MAAR GENOEG OVER DIT onderwerp. Zittend aan een feestmaal, kwam het gesprek langs vele omwegen op het klonen van mens en dier. Zoals sommigen zich laten meeslepen door voetbal, Ronde van Frankrijk, Elvis Presley of het gedrag van de vroedmeesterpad, krijg ik niet genoeg van de kloonmogelijkheden. Ik heb hierover reeds vroeger een stuk geschreven, maar ondertussen heeft mijn horizon zich terzake verruimd.

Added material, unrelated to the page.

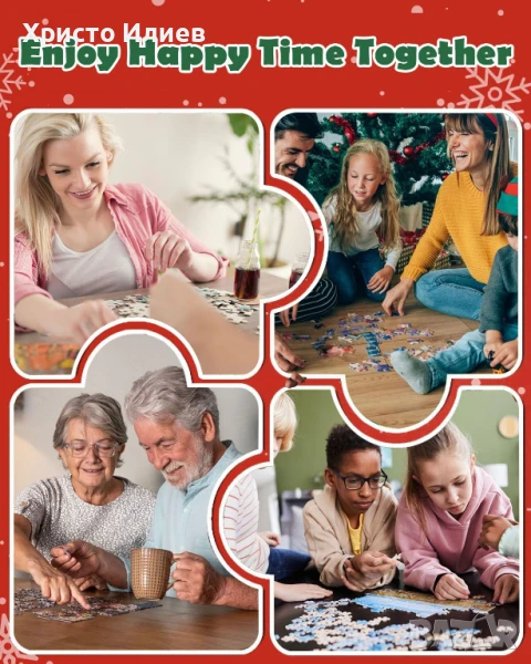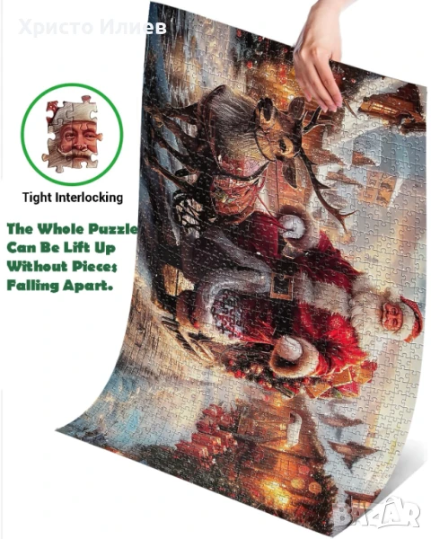 Висококачествен материал Коледният пъзел е изработен от висококачествен бял картон с ясен печат и ярки цветове. Използвана е релефна техника, без разслояване, без отлепване на хартията, не се разглобява лесно. Всяка част от пъзела е прецизно изрязана, за да се осигури идеално прилепване.
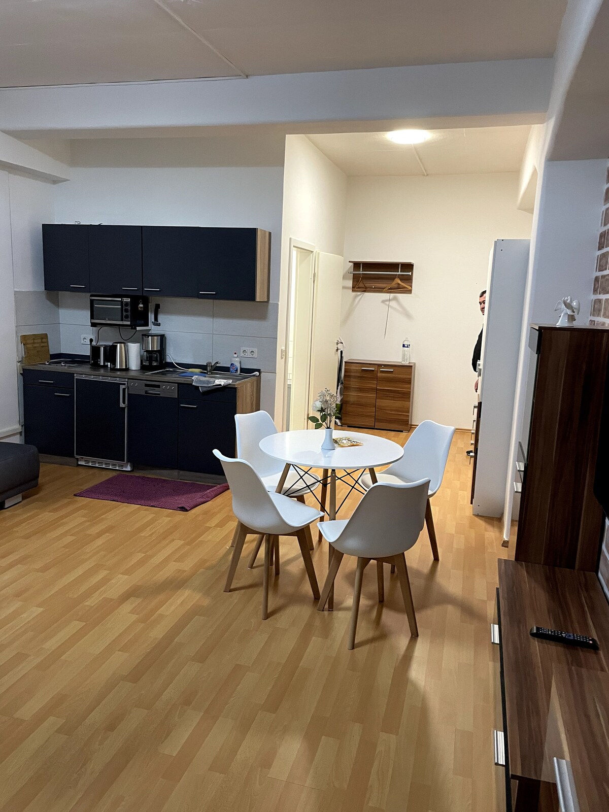 Liebe potenzielle Gäste: Ob auf der Durchreise, für eine kleine Auszeit oder aber für länger - unsere Wohnung ist schnell erreichbar und ein guter Ort, um abends zu entspannen - z.B. auf dem Balkon mit Weitblick. Das Schlafsofa im Wohnzimmer ist sehr bequem, sodass man gut in zwei Räumen schlafen kann. Im Ort gibt es ein schönes Freibad und gute Gastronomie - drumherum viel Wald. Unser Café hat wochentags ab 6 bzw. am Wochenende ab 7 Uhr Frühstück.

Iedereen was tegen, een uitdaging die ik zonder aarzelen aan mij had laten voorbijgaan, ware ik niet een weinig beneveld door de drank geweest. Reeds bij de opening van het gesprek wees iemand op het klonen van een nieuwe Adolf Hitler. Dit is natuurlijk geen aangename gedachte, maar ik kende in mijn binnenste een handvol mensen die ik ook niet gaarne op onze aardbol weer zou zien verschijnen. Er staan daartegenover tien- en nog eens tienduizenden die welkom zijn op onze planeet.

Wat ik duidelijk wilde maken, was dat wanneer wij onszelf laten dupliceren, wij weten over wie wij het hebben. Wij zijn tenslotte toch experts van onszelf. Zo zouden wij voor onze kloon een cahier kunnen achterlaten met daarin raadgevingen. Ik grijp nu zomaar voor de hand liggende eigen ervaringen; “eet niet te veel chocolade nadat je melktanden gevallen zijn”, “vermijd oogcontact met je leraar als je je les niet kent”, “ga nooit naar de academie van Antwerpen afdeling binnenhuisarchitectuur, en stop nooit je geld in Maxwell-aandelen.”

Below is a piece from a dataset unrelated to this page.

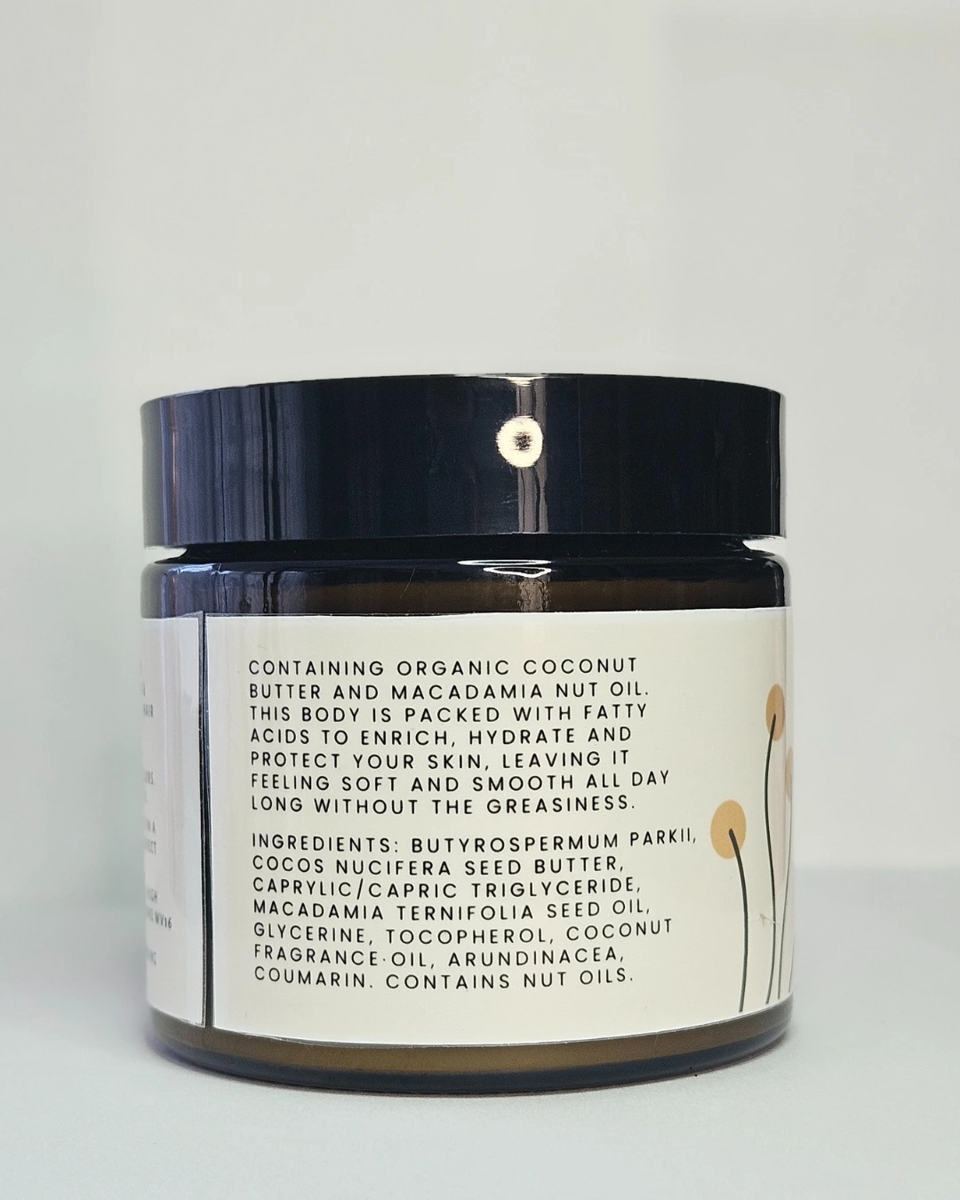 Shea Butter, Coconut Butter, Macadamia Oil, Fractionated Coconut Oil, Vegetable Glycerin

Naar ik hoor wil iedereen zich toch vereeuwigd zien in zijn nageslacht en is dan het klonen niet de veiligste weg? Al het gekibbel over “hij lijkt op uw vader” of “zij lijkt op haar moeder” stopt dan als bij toverslag.

Ook mijn vriend Guido staat aan mijn zijde. Niet in het minst toen hij onverhoeds binnenviel met het nieuws dat vriend Ludo voor de derde maal in het huwelijksbootje scheep gaat.

“Maar”, opperde ik, “hij is een aartsvader.”

“Zo voelt hij zich niet”, zei Guido. “Hij waagt een ultieme slag naar een groot en machtig nageslacht.”

“Verdorie”, morde ik, “dat maakt dat ik een derde keer met een geschenk moet boven komen.”

“Ter informatie”, zei Guido, “zijn huwelijkslijst ligt bij de apotheker.”